UBS has adjusted its view of the European Central Bank's (ECB) policy path and now expects two quarter-point rate increases, in June and in September, that would lift the deposit rate to 2.5%, the bank's economists said in a note published Thursday.
The bank's revision reflects the ECB's March projections and communications, which UBS said took a hawkish turn and caught its economists by surprise. In particular, the ECB's updated staff forecasts showed significant upward revisions to inflation together with only moderate downward adjustments to GDP growth - a mix that pointed toward the need for tighter monetary policy.
"Part of the explanation seems to be that the ECB expects wages to respond to the energy price spike, thus amplifying the inflation impact while cushioning the growth damage," economists led by Reinhard Cluse wrote.
ECB President Christine Lagarde reinforced that view in public remarks last week, saying memories from the 2022-23 inflation overshoot are "rather fresh," a phrase UBS interprets as suggesting that firms and labor negotiators may react relatively quickly with price and wage adjustments.
UBS's timing calls for an initial 25 basis point hike at the ECB meeting on June 11, the same gathering that will include updated macroeconomic projections. The bank expects the ECB to pause in July and then to deliver a second 25 basis point increase in September, coinciding with another round of projections.
"We think that evidence on the emergence and strength of pro-inflationary second-round effects will still be incomplete at the time of the meeting on 30 April, while greater clarity might exist on 11 June," the economists wrote.
UBS emphasized that its call carries risks in both directions. On the hawkish side, the ECB could move earlier - potentially as soon as late April - if energy prices climb further, if March inflation data surprise to the upside, or if early indicators of second-round inflationary effects become visible. In such a scenario, successive hikes in June and July rather than a June and September split are also possible.
The bank further noted that a prolonged Iran conflict could push the ECB to raise rates by more than two increments and even contemplate 50 basis point steps.
Conversely, on the dovish side, a credible and swift de-escalation of the Iran conflict that reduces energy prices could allow the ECB to forgo additional hikes or limit itself to a single rise. UBS also flagged the possibility of a more "significant hit to the eurozone economy" - for example through supply constraints, energy rationing, or a sharp rise in unemployment - in which case the central bank might need to cut rates instead.
Looking beyond the immediate policy horizon, UBS projects eurozone inflation to peak at 3.4% year-on-year in May, then to moderate to 3.2% by the end of 2026, 2.1% by the end of 2027, and to reach 2.0% by the end of 2028.

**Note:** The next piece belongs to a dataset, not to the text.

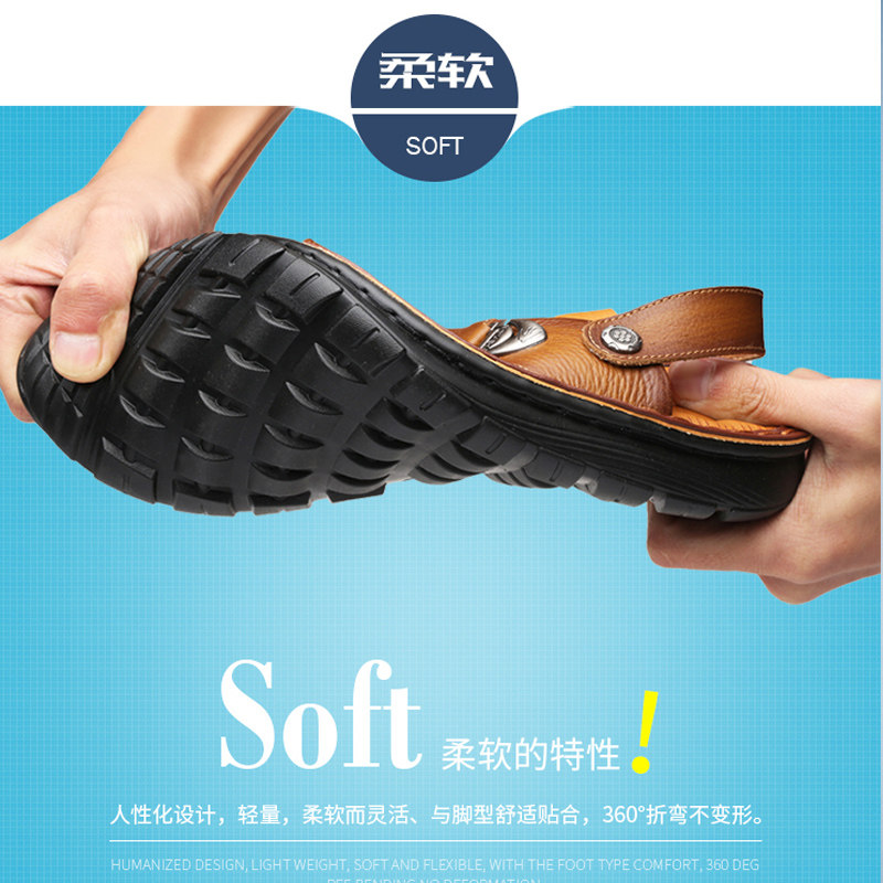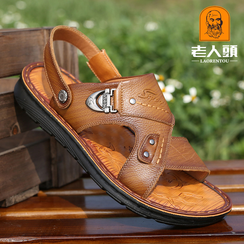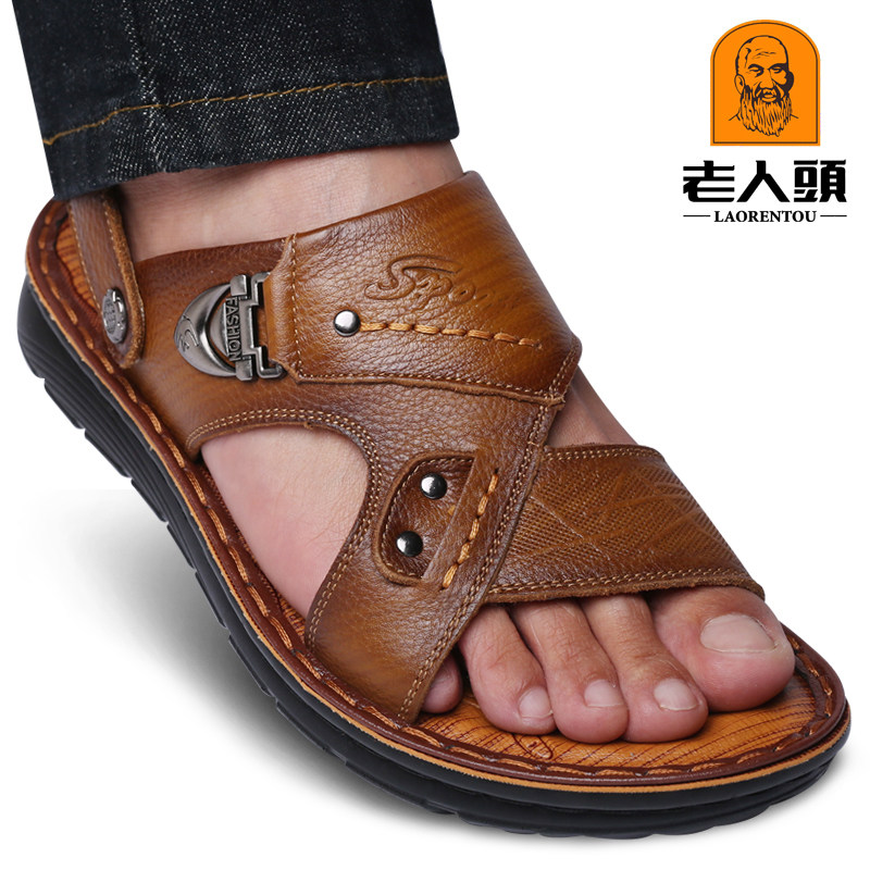 Old man's head beach shoes man leather head skin toe sandals men's shoes official flagship store

Under UBS's forecast of an ECB deposit rate at 2.5%, the bank expects the central bank to reverse course and cut rates by 25 basis points in the fourth quarter of 2027 and by another 25 basis points in the first quarter of 2028, provided no new shocks occur and inflation moves back toward target.
Key takeaways
- UBS now expects two 25 basis point ECB hikes - on June 11 and in September - bringing the deposit rate to 2.5%.
- The change follows ECB staff forecasts in March that materially raised inflation projections while trimming GDP only modestly, prompting a hawkish shift in communication.
- UBS projects inflation to peak at 3.4% in May and to return to around 2% by end-2028, with the bank forecasting rate cuts in late 2027 and early 2028 if no new shocks occur.
Sectors likely affected
- Fixed income and general rates markets, which respond directly to central bank policy expectations.
- Banking and financial services, given implications for lending margins and deposit rates.
- Real estate and corporate borrowers, where financing costs and cap-rate dynamics are sensitive to policy rates.
Risks and uncertainties
- Hawkish upside: A further rise in energy prices, stronger-than-expected March inflation, or signs of second-round inflationary effects could prompt earlier or larger ECB tightening, which would affect interest-rate sensitive sectors.
- Geopolitical escalation: A prolonged Iran conflict could lead the ECB to raise rates more than twice or consider 50 basis point steps, amplifying pressure on borrowing costs across the economy.
- Dovish downside: A swift de-escalation that lowers energy prices, or a severe economic hit through supply shortages, energy rationing, or rising unemployment, could force the ECB to scale back hikes or even cut rates.
Note: The projections and scenarios above reflect UBS's published economic forecasts and the risks it outlines; they assume no additional shocks beyond those discussed.